### PROBLEM
Line by line, output everything from the one that contains "早上8:00,雍陌小学四至六" through the end of the material below, exactly as written and with no pictures.

### DATA PROVIDED
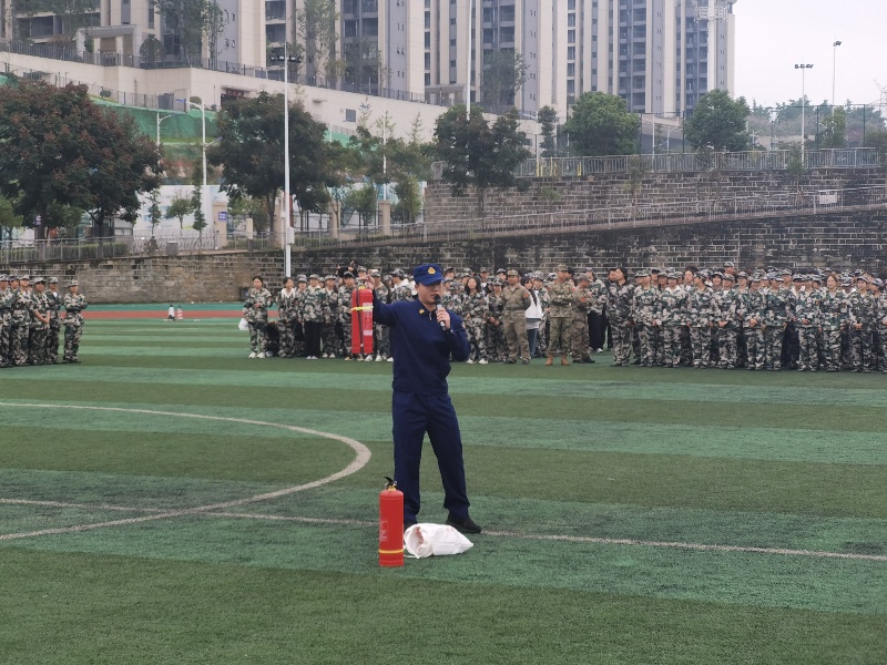 疏散集结完毕后,东兴区消防救援大队为全体人员作消防安全知识培训。宣讲员结合校园典型火灾案例,通过有奖竞答等互动方式,深入讲解了火灾预防、逃生自救、灭火器使用等关键知识,并现场指导师生代表进行灭火实操,增强了教学的实效性。
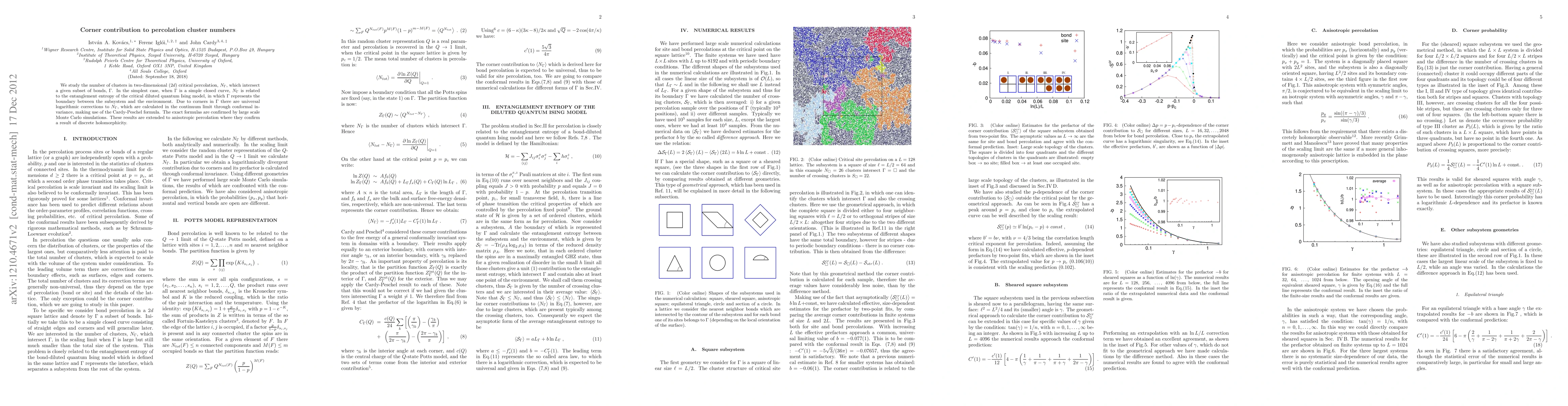 We study the number of clusters in two-dimensional (2d) critical percolation, N_Gamma, which intersect a given subset of bonds, Gamma. In the simplest case, when Gamma is a simple closed curve, N_Gamma is related to the entanglement entropy of the critical diluted quantum Ising model, in which Gamma represents the boundary between the subsystem and the environment. Due to corners in Gamma there are universal logarithmic corrections to N_Gamma, which are calculated in the continuum limit through conformal invariance, making use of the Cardy-Peschel formula. The exact formulas are confirmed by large scale Monte Carlo simulations. These results are extended to anisotropic percolation where they confirm a result of discrete holomorphicity.
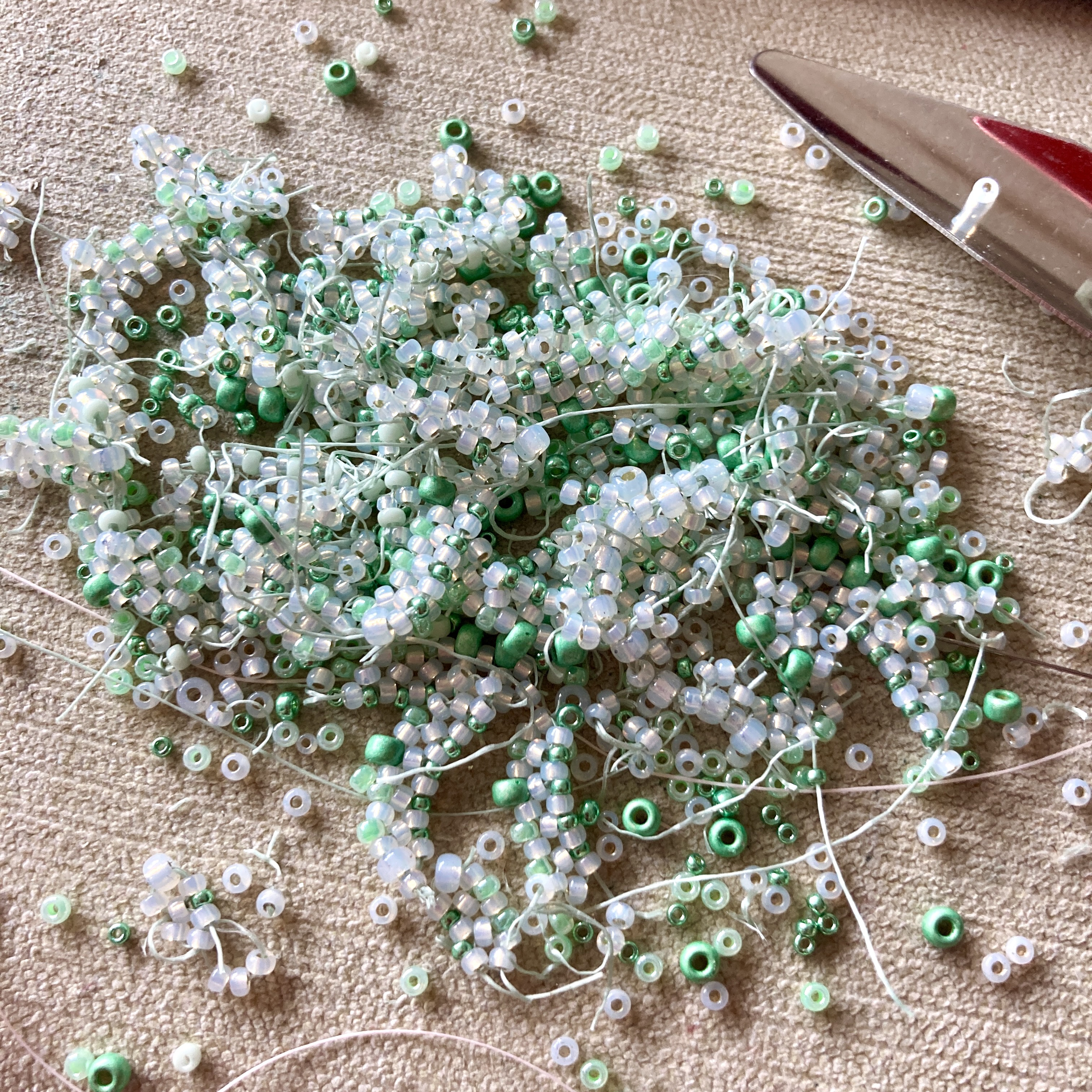 4) Other beads added with seeding – rizos, small czech drops, miyuki 2.8 & 3.4mm drops, and 11 seeds.
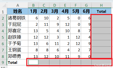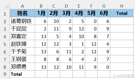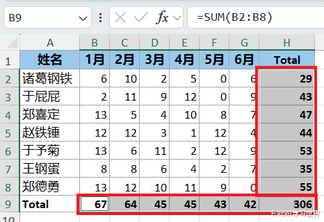 此处的公式就表示对 B2:G8 区域逐行求和。
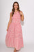 Breezy and effortlessly flattering, this sleeveless midi dress is made for warm days and easy style. Designed with an elastic waistband for a comfortable fit, it features a tiered silhouette that moves beautifully with every step. Finished with functional side pockets and bold red stripes, it’s the perfect mix of casual charm and classic design—ideal for summer outings, vacations, or weekend brunch.
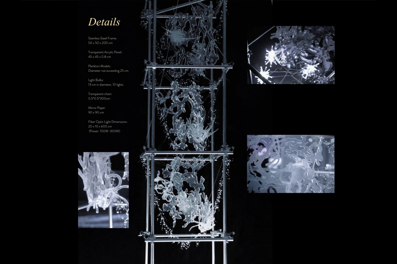 Drifting Poetry explores the delicate balance between marine ecosystems and human existence through sculptural installations. Inspired by the drifting nature of plankton, this work translates microscopic ocean life into tangible 3D models. Using AI-generated forms derived from scientific imagery, the installation highlights the unseen yet essential role of plankton in sustaining marine biodiversity. Through dynamic compositions of floating structures and light-based interactions, the piece invites viewers to contemplate the fragility and resilience of oceanic life. By engaging with these organic forms, audiences are encouraged to reflect on humanity’s interconnectedness with marine ecosystems.
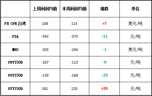 本周PX盈利较上周小幅增加,目前其盈利至115美元/吨。PTA方面,本周亏损有所增加,目前其亏损至373元/吨附近。乙二醇方面,本周亏损略有增加,目前亏损204美元/吨。涤纶长丝方面,本周上游原料价格回落,FDY150D亏损增加,亏损113元/吨;POY 150D同样亏损增加,目前亏损168元/吨;DTY 150D盈利增加,目前盈利220元/吨。
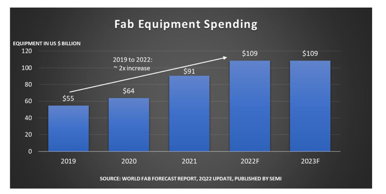 Selon l’association Semi, les dépenses mondiales d’équipement de production de puces devraient connaître une augmentation annuelle de 20% pour atteindre 109Md$ en 2022, marquant ainsi la troisième année consécutive de hausse. Rappelons qu’en 2021, les dépenses avaient bondi de 42%. Selon les prévisions de Semi, le montant des dépenses en 2023 devrait rester le même que cette année.
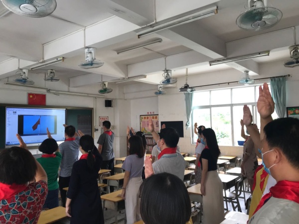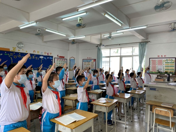 早上8:00,雍陌小学四至六年级的全体学生和全校教师一起,共同观看了中山市体育和教育局录制的复学第一课“天使归来,英雄开讲”主题升旗仪式。
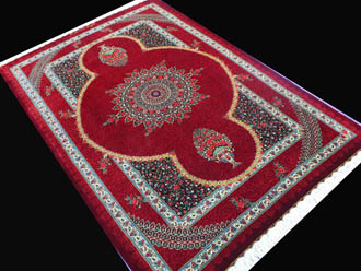 九,动物花鸟纹饰.在地毯上的动物可以是真实的,也可以是奇幻的.一些真实的贵族动物如鹿,马,豹等都常常出现在以花为背景的彼此争斗场面中,这种萨法维波斯地毯就叫做动物地毯.还有一些家养动物出现在游牧地毯中,但总是作为一种次要的,形式化的因素.真实和虚幻的动物都出现在动物斗争的场景中.不论在地球上还是在宇宙中,这些斗争代表了正义与邪恶之间不可避免的战争,因此这也就象征了生物的平衡.这种图案来源于中国,是在14到15世纪传播到中亚去的.还有两种奇幻动物也是来自中国的,那就是象征着无限权威的龙,和象征着不朽的凤凰.当配成队的时候,它们就代表了婚姻的联合,然而它们互相战斗时,它们就暗指宇宙的平衡与和谐.那些虚幻的动物在大约14-15世纪向西传播,它给地毯工匠以灵感,促成了高加索地区龙毯的产生.

### REPLY
 早上8:00,雍陌小学四至六年级的全体学生和全校教师一起,共同观看了中山市体育和教育局录制的复学第一课“天使归来,英雄开讲”主题升旗仪式。
 九,动物花鸟纹饰.在地毯上的动物可以是真实的,也可以是奇幻的.一些真实的贵族动物如鹿,马,豹等都常常出现在以花为背景的彼此争斗场面中,这种萨法维波斯地毯就叫做动物地毯.还有一些家养动物出现在游牧地毯中,但总是作为一种次要的,形式化的因素.真实和虚幻的动物都出现在动物斗争的场景中.不论在地球上还是在宇宙中,这些斗争代表了正义与邪恶之间不可避免的战争,因此这也就象征了生物的平衡.这种图案来源于中国,是在14到15世纪传播到中亚去的.还有两种奇幻动物也是来自中国的,那就是象征着无限权威的龙,和象征着不朽的凤凰.当配成队的时候,它们就代表了婚姻的联合,然而它们互相战斗时,它们就暗指宇宙的平衡与和谐.那些虚幻的动物在大约14-15世纪向西传播,它给地毯工匠以灵感,促成了高加索地区龙毯的产生.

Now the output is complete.